| Task instructions |
Your reply should reproduce the data below without a single alteration, apart from dropping the images.

(Stored records)
· · · ·

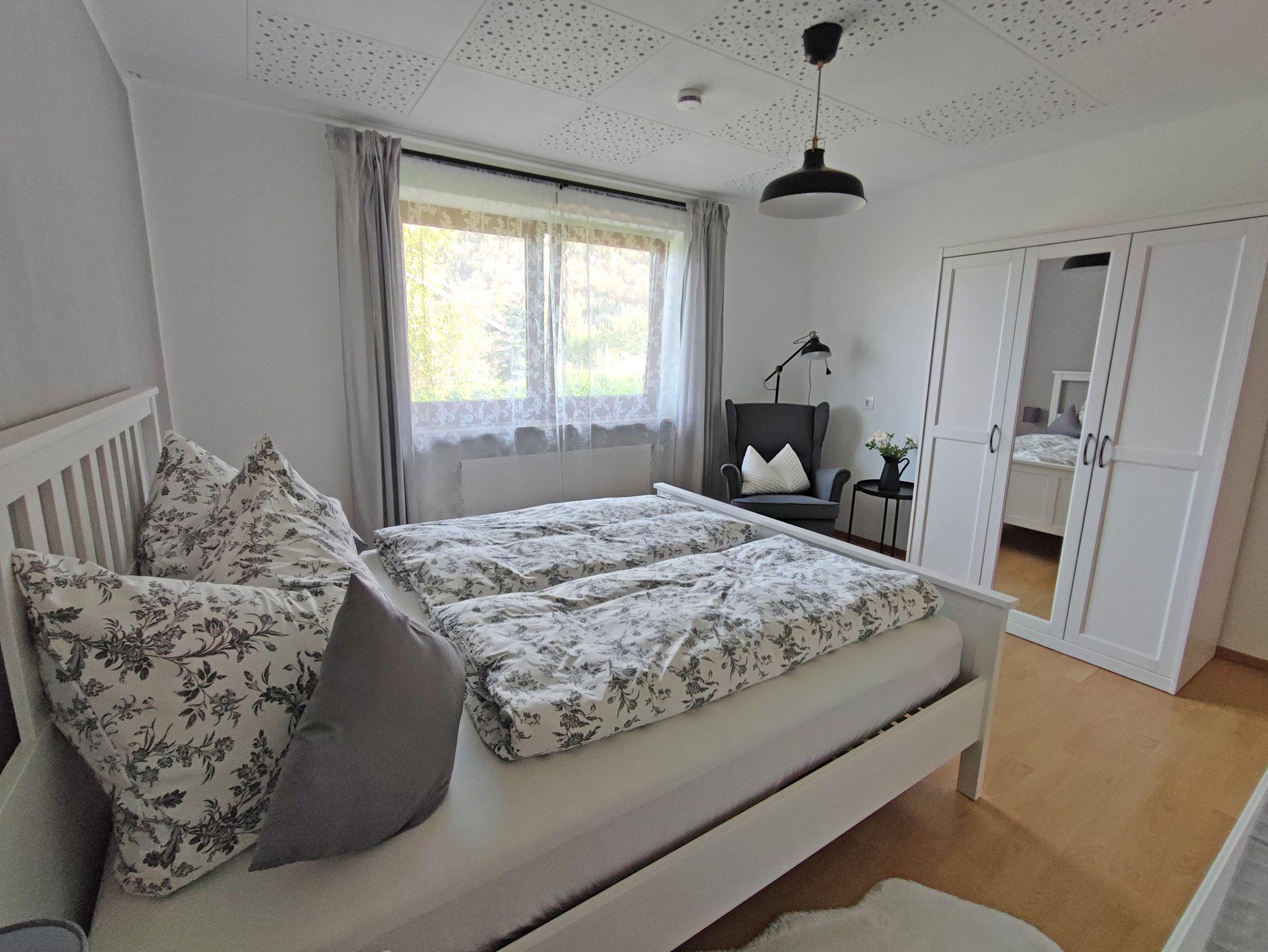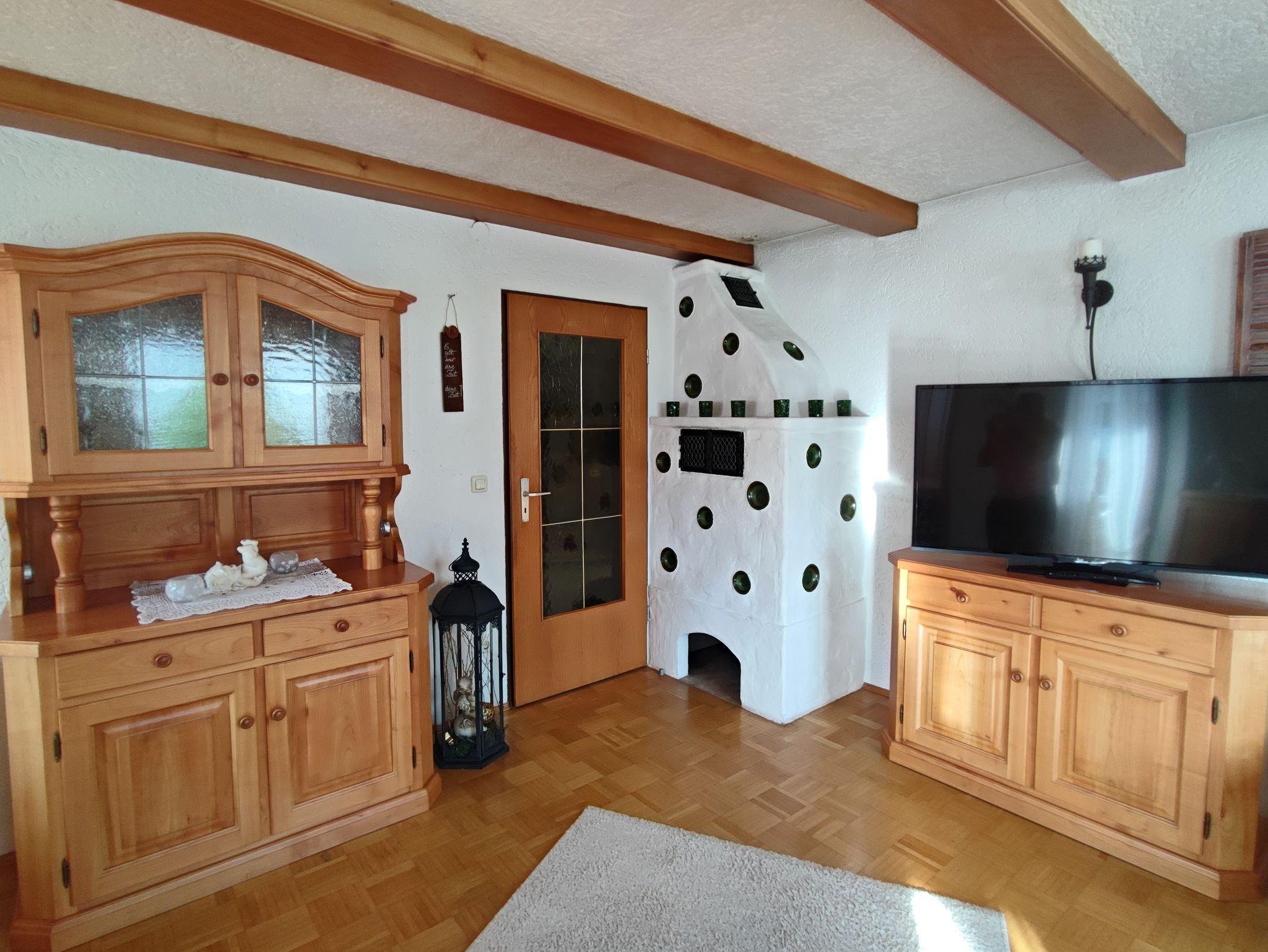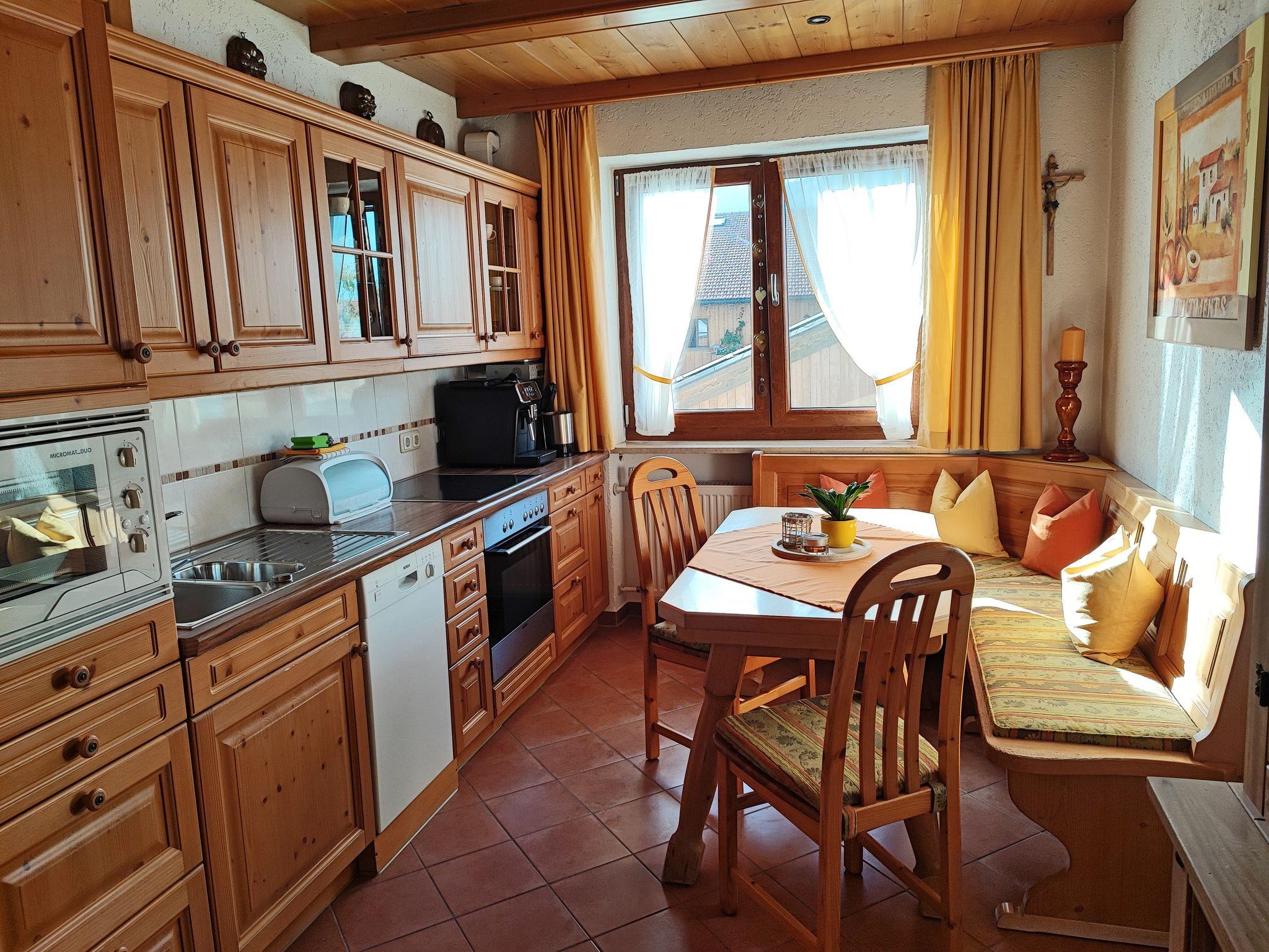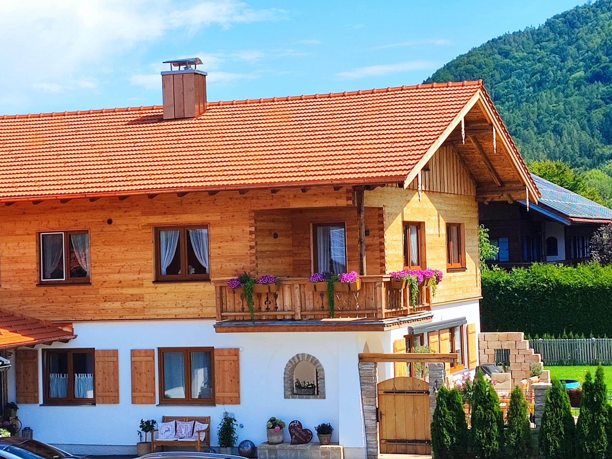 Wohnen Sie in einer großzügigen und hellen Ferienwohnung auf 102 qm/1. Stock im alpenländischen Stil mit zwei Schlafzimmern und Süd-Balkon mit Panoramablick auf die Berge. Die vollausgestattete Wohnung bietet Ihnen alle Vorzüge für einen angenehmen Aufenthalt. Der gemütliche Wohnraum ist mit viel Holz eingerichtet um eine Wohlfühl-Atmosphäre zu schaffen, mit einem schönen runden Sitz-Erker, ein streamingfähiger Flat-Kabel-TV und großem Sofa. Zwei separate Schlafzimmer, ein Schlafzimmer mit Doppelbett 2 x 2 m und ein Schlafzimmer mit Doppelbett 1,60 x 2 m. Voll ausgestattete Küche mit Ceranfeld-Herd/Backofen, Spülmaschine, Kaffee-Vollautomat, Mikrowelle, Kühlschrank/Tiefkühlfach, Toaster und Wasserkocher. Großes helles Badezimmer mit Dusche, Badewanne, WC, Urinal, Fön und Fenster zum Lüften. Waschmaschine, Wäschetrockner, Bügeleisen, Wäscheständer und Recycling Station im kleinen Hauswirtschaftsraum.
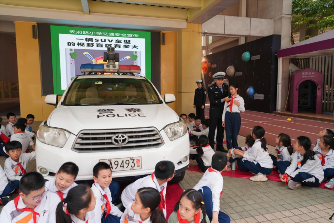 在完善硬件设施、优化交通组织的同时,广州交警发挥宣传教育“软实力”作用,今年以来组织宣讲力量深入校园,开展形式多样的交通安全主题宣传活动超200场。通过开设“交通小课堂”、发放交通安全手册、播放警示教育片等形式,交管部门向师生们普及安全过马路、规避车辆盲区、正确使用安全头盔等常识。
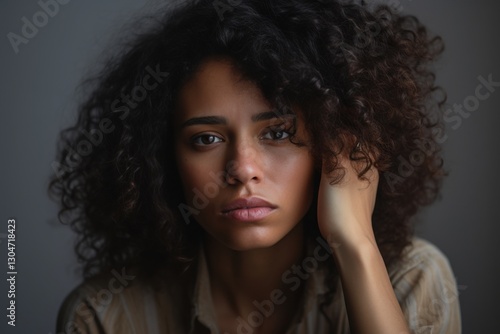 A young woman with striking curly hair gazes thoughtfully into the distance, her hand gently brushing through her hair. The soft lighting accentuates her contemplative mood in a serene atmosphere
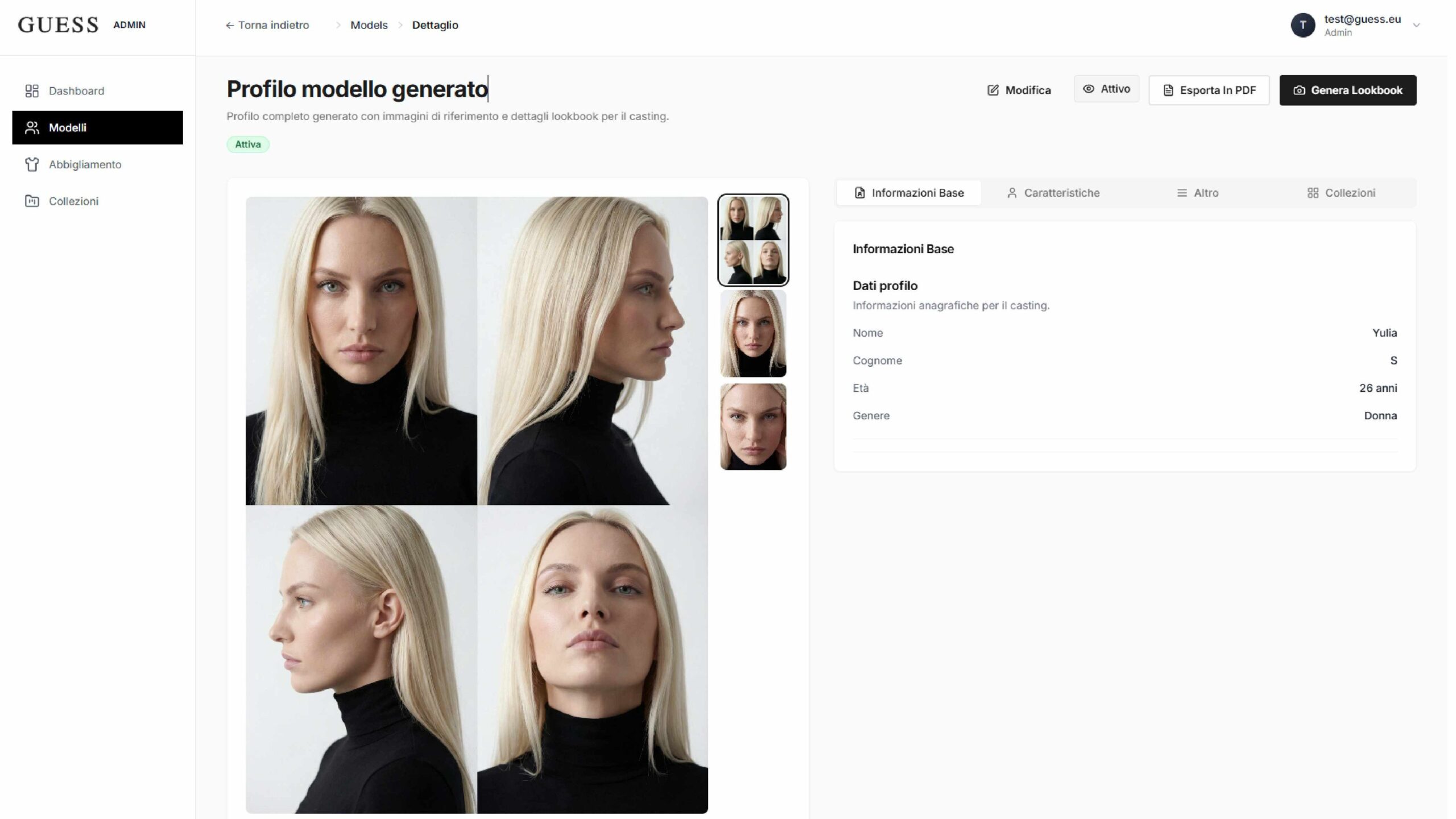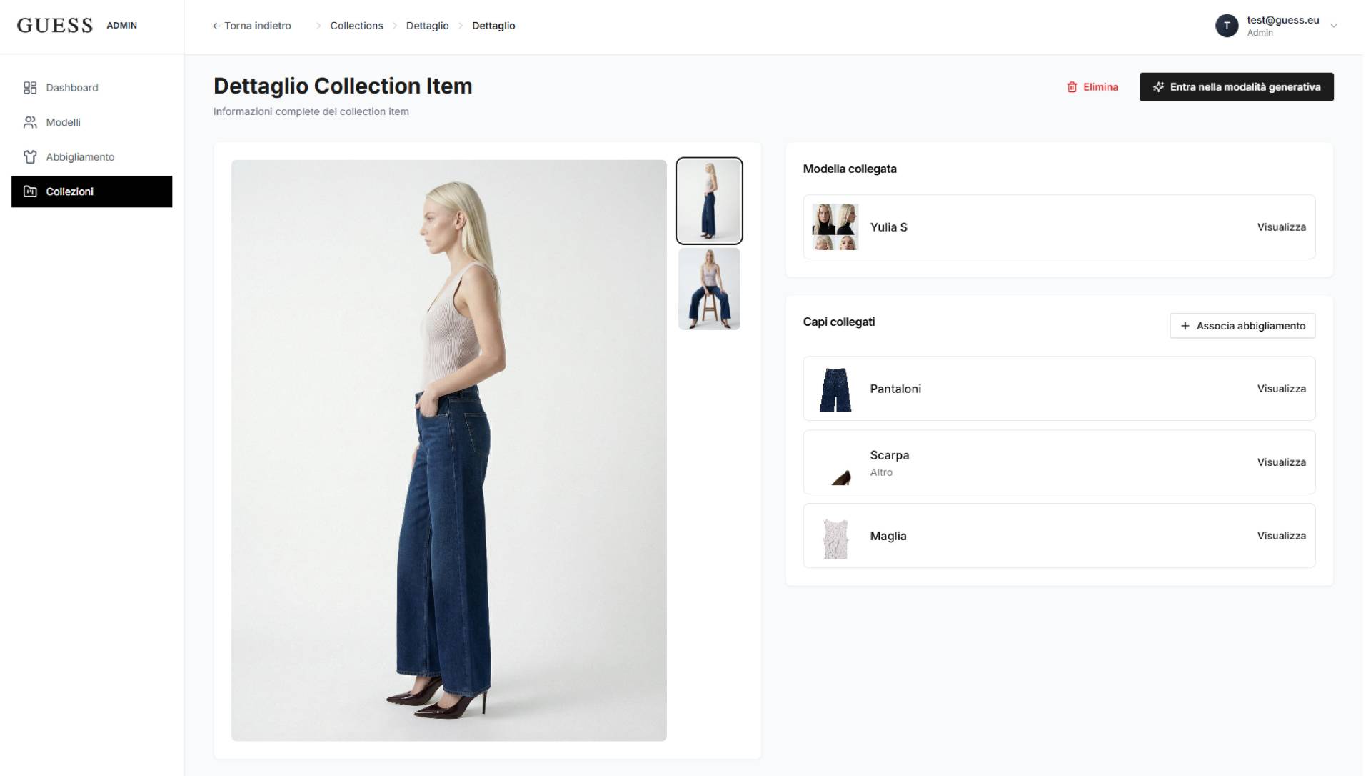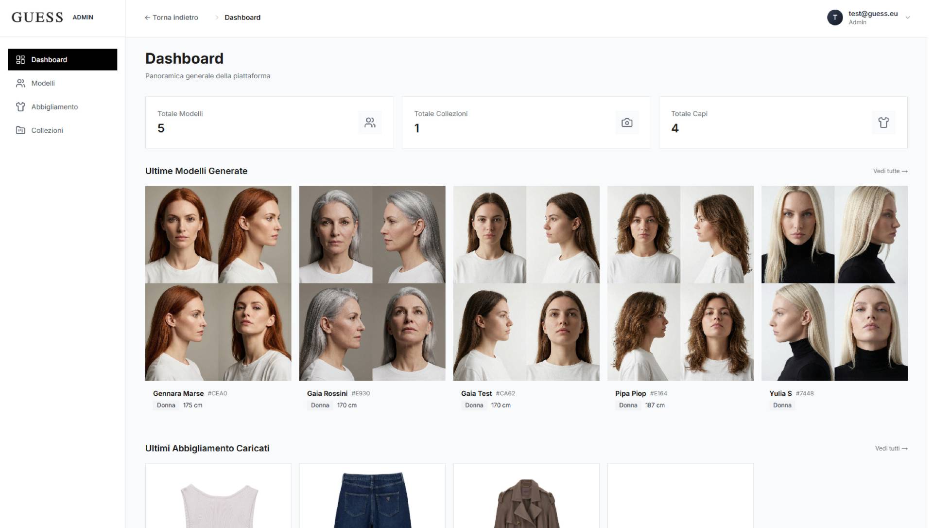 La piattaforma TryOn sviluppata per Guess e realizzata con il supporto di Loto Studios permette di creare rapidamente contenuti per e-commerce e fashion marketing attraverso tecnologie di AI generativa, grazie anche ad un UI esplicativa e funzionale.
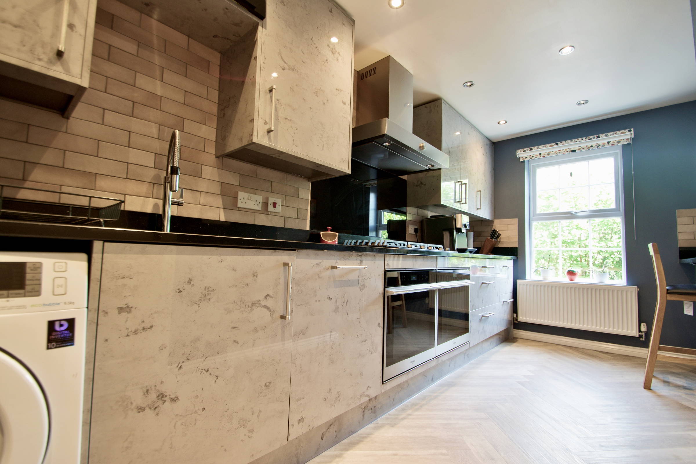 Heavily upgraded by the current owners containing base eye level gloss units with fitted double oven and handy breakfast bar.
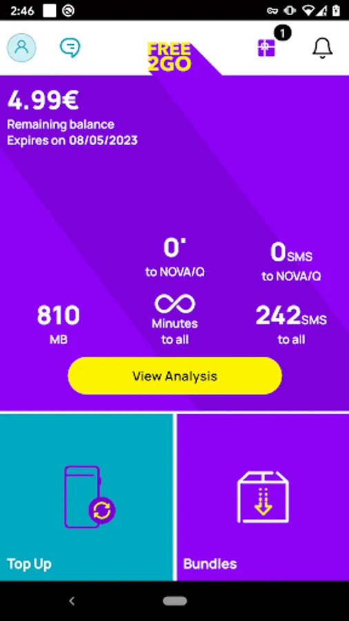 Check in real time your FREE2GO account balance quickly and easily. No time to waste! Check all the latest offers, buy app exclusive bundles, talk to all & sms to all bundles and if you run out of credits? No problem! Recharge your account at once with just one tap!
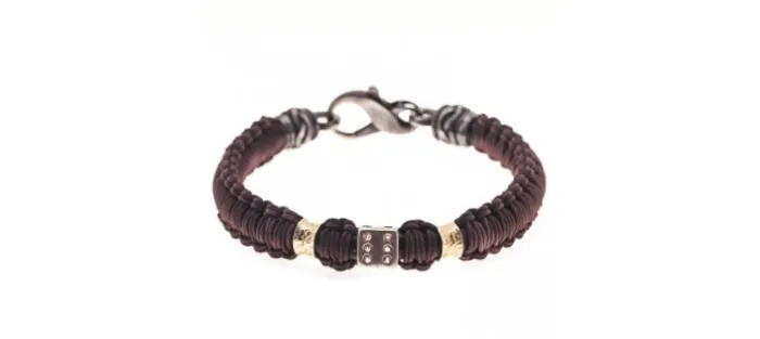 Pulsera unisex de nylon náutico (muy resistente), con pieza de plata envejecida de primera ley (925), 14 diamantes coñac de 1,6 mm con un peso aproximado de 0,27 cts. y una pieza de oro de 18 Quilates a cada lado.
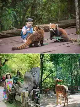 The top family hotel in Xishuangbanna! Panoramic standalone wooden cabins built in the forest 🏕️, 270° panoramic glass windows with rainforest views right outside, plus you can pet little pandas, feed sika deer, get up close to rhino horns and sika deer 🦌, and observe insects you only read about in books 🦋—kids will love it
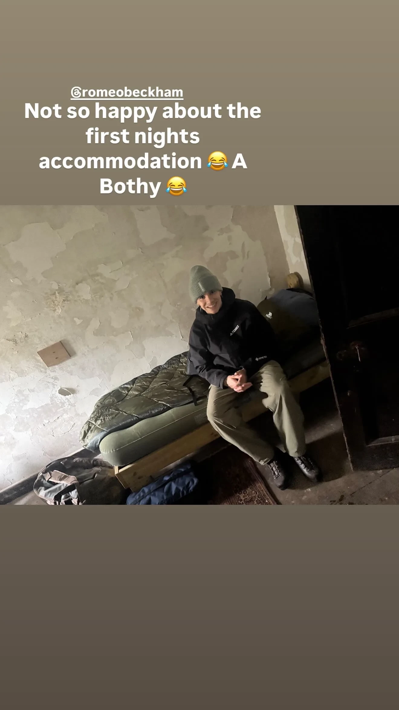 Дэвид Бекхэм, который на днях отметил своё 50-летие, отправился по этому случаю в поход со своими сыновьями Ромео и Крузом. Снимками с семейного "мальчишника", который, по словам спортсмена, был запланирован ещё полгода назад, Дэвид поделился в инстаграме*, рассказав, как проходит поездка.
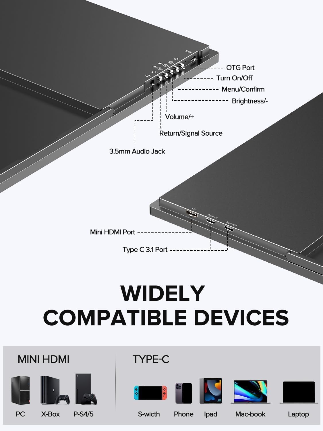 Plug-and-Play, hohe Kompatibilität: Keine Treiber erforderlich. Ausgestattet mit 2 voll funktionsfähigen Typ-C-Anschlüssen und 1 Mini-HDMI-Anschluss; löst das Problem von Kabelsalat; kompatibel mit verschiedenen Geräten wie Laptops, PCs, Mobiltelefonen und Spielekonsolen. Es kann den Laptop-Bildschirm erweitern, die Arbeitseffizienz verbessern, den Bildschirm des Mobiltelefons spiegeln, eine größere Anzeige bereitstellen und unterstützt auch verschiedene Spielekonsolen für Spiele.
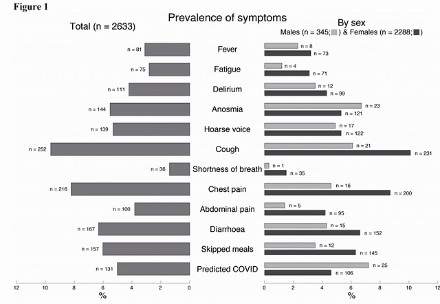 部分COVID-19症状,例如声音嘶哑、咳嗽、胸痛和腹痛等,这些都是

· · · ·

| Expected answer |
 Wohnen Sie in einer großzügigen und hellen Ferienwohnung auf 102 qm/1. Stock im alpenländischen Stil mit zwei Schlafzimmern und Süd-Balkon mit Panoramablick auf die Berge. Die vollausgestattete Wohnung bietet Ihnen alle Vorzüge für einen angenehmen Aufenthalt. Der gemütliche Wohnraum ist mit viel Holz eingerichtet um eine Wohlfühl-Atmosphäre zu schaffen, mit einem schönen runden Sitz-Erker, ein streamingfähiger Flat-Kabel-TV und großem Sofa. Zwei separate Schlafzimmer, ein Schlafzimmer mit Doppelbett 2 x 2 m und ein Schlafzimmer mit Doppelbett 1,60 x 2 m. Voll ausgestattete Küche mit Ceranfeld-Herd/Backofen, Spülmaschine, Kaffee-Vollautomat, Mikrowelle, Kühlschrank/Tiefkühlfach, Toaster und Wasserkocher. Großes helles Badezimmer mit Dusche, Badewanne, WC, Urinal, Fön und Fenster zum Lüften. Waschmaschine, Wäschetrockner, Bügeleisen, Wäscheständer und Recycling Station im kleinen Hauswirtschaftsraum.
 在完善硬件设施、优化交通组织的同时,广州交警发挥宣传教育“软实力”作用,今年以来组织宣讲力量深入校园,开展形式多样的交通安全主题宣传活动超200场。通过开设“交通小课堂”、发放交通安全手册、播放警示教育片等形式,交管部门向师生们普及安全过马路、规避车辆盲区、正确使用安全头盔等常识。
 A young woman with striking curly hair gazes thoughtfully into the distance, her hand gently brushing through her hair. The soft lighting accentuates her contemplative mood in a serene atmosphere
 La piattaforma TryOn sviluppata per Guess e realizzata con il supporto di Loto Studios permette di creare rapidamente contenuti per e-commerce e fashion marketing attraverso tecnologie di AI generativa, grazie anche ad un UI esplicativa e funzionale.
 Heavily upgraded by the current owners containing base eye level gloss units with fitted double oven and handy breakfast bar.
 Check in real time your FREE2GO account balance quickly and easily. No time to waste! Check all the latest offers, buy app exclusive bundles, talk to all & sms to all bundles and if you run out of credits? No problem! Recharge your account at once with just one tap!
 Pulsera unisex de nylon náutico (muy resistente), con pieza de plata envejecida de primera ley (925), 14 diamantes coñac de 1,6 mm con un peso aproximado de 0,27 cts. y una pieza de oro de 18 Quilates a cada lado.
 The top family hotel in Xishuangbanna! Panoramic standalone wooden cabins built in the forest 🏕️, 270° panoramic glass windows with rainforest views right outside, plus you can pet little pandas, feed sika deer, get up close to rhino horns and sika deer 🦌, and observe insects you only read about in books 🦋—kids will love it
 Дэвид Бекхэм, который на днях отметил своё 50-летие, отправился по этому случаю в поход со своими сыновьями Ромео и Крузом. Снимками с семейного "мальчишника", который, по словам спортсмена, был запланирован ещё полгода назад, Дэвид поделился в инстаграме*, рассказав, как проходит поездка.
 Plug-and-Play, hohe Kompatibilität: Keine Treiber erforderlich. Ausgestattet mit 2 voll funktionsfähigen Typ-C-Anschlüssen und 1 Mini-HDMI-Anschluss; löst das Problem von Kabelsalat; kompatibel mit verschiedenen Geräten wie Laptops, PCs, Mobiltelefonen und Spielekonsolen. Es kann den Laptop-Bildschirm erweitern, die Arbeitseffizienz verbessern, den Bildschirm des Mobiltelefons spiegeln, eine größere Anzeige bereitstellen und unterstützt auch verschiedene Spielekonsolen für Spiele.
 部分COVID-19症状,例如声音嘶哑、咳嗽、胸痛和腹痛等,这些都是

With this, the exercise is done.